§ **Task details**: All the data below goes into the copy word for word, but the pictures don't.

§ **Source material**:
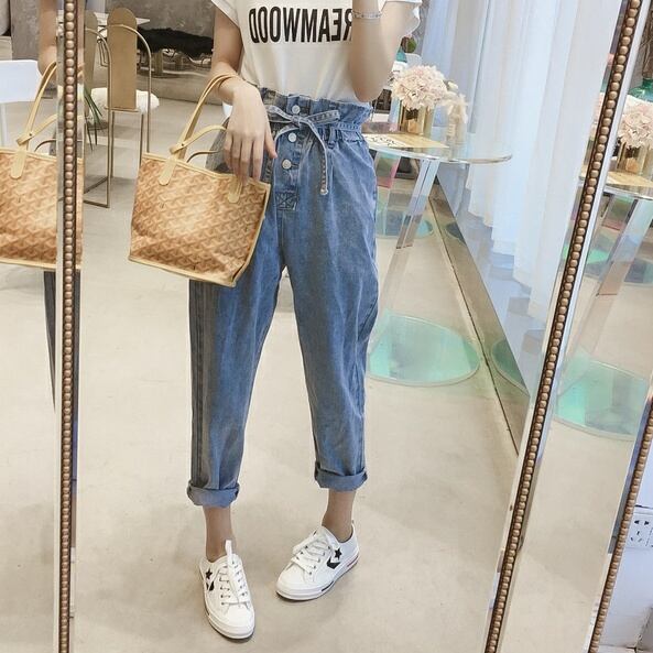 レディース ボトムス パンツ Gパン ズボン クロップドパンツ デニムパンツ カラーパンツ ウエストマーク ウエストリボン ハイウエスト かわいい 大人可愛い カジュアル おしゃれ お洒落 こなれ感 ラフ メンズライク ガーリー ルーズ 個性的 S M L XL 2XL 3XL 4XL 5XL 黒 ブラック 青 ブルー 春カラー 春 夏 10代 20代 女性用 学生 通学 デート アウトドア イベント 着回し 普段使い 韓国 韓国系 オルチャン ファッション スタイル 美脚 脚長 送料無料 | Rena 韓国ファッション レディースアパレル
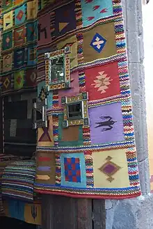 Another important market is the Mercado de Artesanias, which sells a wide variety of items such as those made from wool, brass, paper mache and blown glass, tin and silver. One figure that features prominently on merchandise is that of a frog, as the state's name of Guanajuato means "place of frogs". The market is located in a narrow alley filling three blocks behind the city's main fruit and vegetable market. The merchandise here is more authentic and cheaper than that found around the main square.[33][34][36]
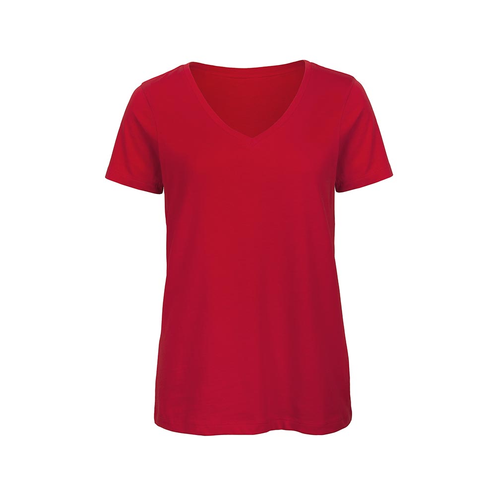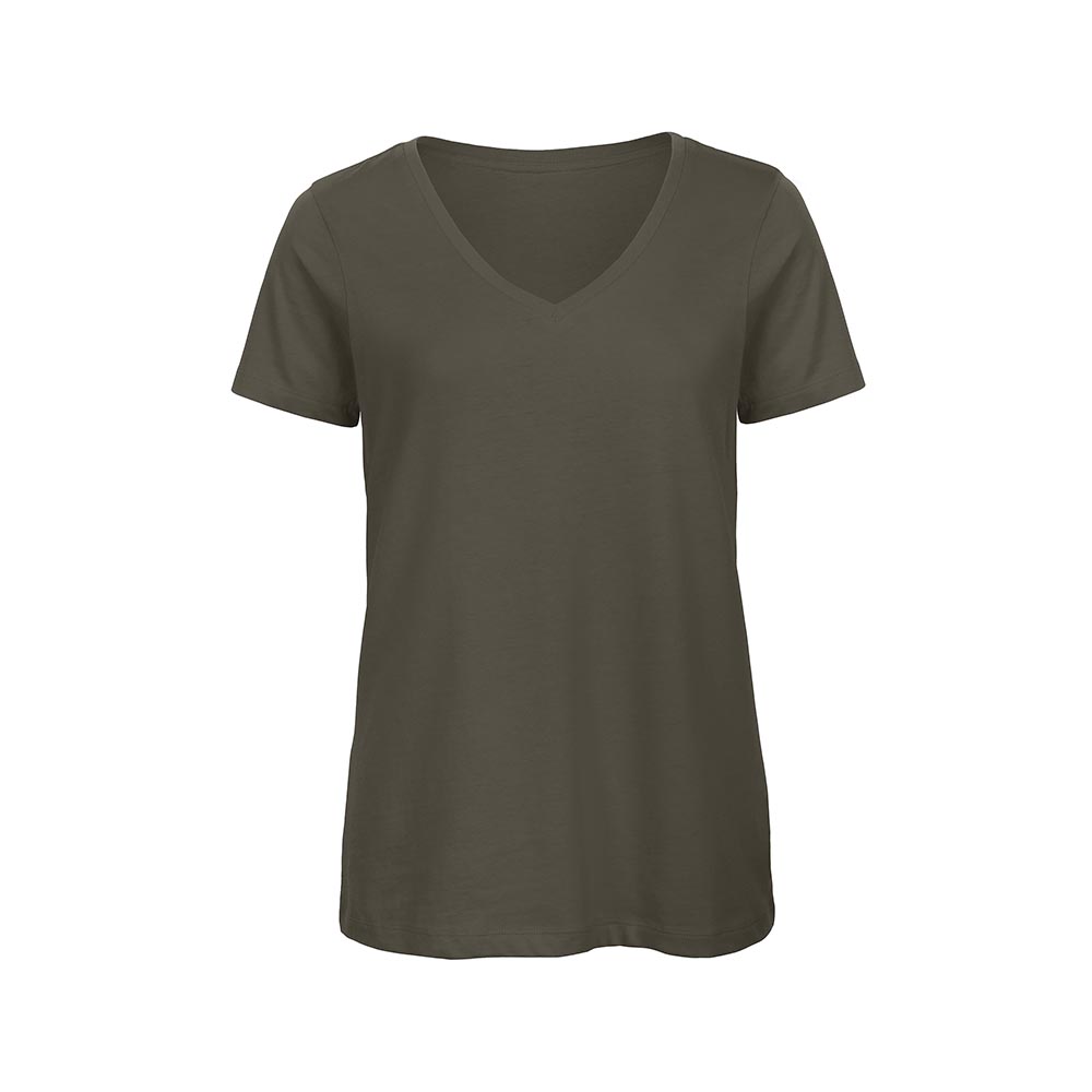 T-shirt donna B&C Peso: 140 gr/mq 100% cotone organico pettinato ring spun Collo a V Manica corta Tessuto spazzolato morbido e compatto

§ **Solution**:
 レディース ボトムス パンツ Gパン ズボン クロップドパンツ デニムパンツ カラーパンツ ウエストマーク ウエストリボン ハイウエスト かわいい 大人可愛い カジュアル おしゃれ お洒落 こなれ感 ラフ メンズライク ガーリー ルーズ 個性的 S M L XL 2XL 3XL 4XL 5XL 黒 ブラック 青 ブルー 春カラー 春 夏 10代 20代 女性用 学生 通学 デート アウトドア イベント 着回し 普段使い 韓国 韓国系 オルチャン ファッション スタイル 美脚 脚長 送料無料 | Rena 韓国ファッション レディースアパレル
 Another important market is the Mercado de Artesanias, which sells a wide variety of items such as those made from wool, brass, paper mache and blown glass, tin and silver. One figure that features prominently on merchandise is that of a frog, as the state's name of Guanajuato means "place of frogs". The market is located in a narrow alley filling three blocks behind the city's main fruit and vegetable market. The merchandise here is more authentic and cheaper than that found around the main square.[33][34][36]
 T-shirt donna B&C Peso: 140 gr/mq 100% cotone organico pettinato ring spun Collo a V Manica corta Tessuto spazzolato morbido e compatto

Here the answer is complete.